Temperature dependent raman and photoluminescence of an individual Sn-doped CdS branched nanostructure

Micro/nanoscale branched comb-like semiconductor structures have stimulated intensive interest due to their novel properties and potential applications on nanoscale optical and optoelectronic devices [1–4], which extends their structural dimensionality and complexity greatly, providing more functions [5]. In particular, orderly branched nanostructures, such as natural nanowire arrays, will promote the realization of array devices due to their superior array characteristics [6]. Recently, the 2-dimensionally ZnO and CdS comb-like structures with well-aligned branches have been utilized to fabricate high sensitive array sensors and nanocantilever arrays [7–9]. The comb-like Cu₂O nanorod-based structures synthesized by an etching method demonstrated great potentials as both electrochemical and gas sensors [10].

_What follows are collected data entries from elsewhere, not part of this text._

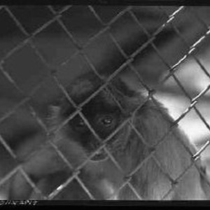 Zoo - Monkey looking at cameraman through chain-link fence.
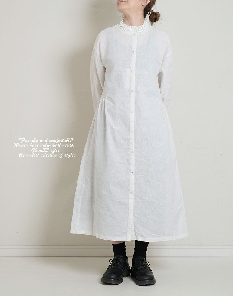 さらりとしたコットンリネン素材。ネックはゴムになっており脱ぎ着がしやすく、ゴムギャザーで自然なフリルが実現。ウエストサイドから後ろにかけてギャザーを寄せてふわり感を。ベストを重ねたり、ワンピースの重ねにも重宝します。コーデの幅が広がる1枚です。
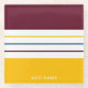 This colorful glass coaster features an autumnal striped pattern in mulberry purple, amber yellow, and white stripes. Personalize it with a name in white at the bottom.

One-dimensional (1D) CdS nanowire have shown many unique properties to support their wide applications on waveguide devices, nanosensors, electrically driven lasers, solar cells and light-emitting diodes [11–14]. By integrating noncollapsed, vertically aligned and free-standing nanowires, a good p-n junction occurs in the array structure leading to nanowire-based electrically driven devices [15]. The CdS nanorod/nanowire emitters with better alignment exhibit better field-emission performance [16]. As we know, the intrinsic physical mechanism, such as the carrier transportation and electron–phonon coupling properties, determines the performance of nanodevices. Although the branched nanostructures have shown many unique properties, many carrier related physical behaviors are still unknown [17–19]. Especially for branched nanowire structures, due to the introduction of trunk–branch junctions, this will have a large influence on their physical behavior compared to nanowires.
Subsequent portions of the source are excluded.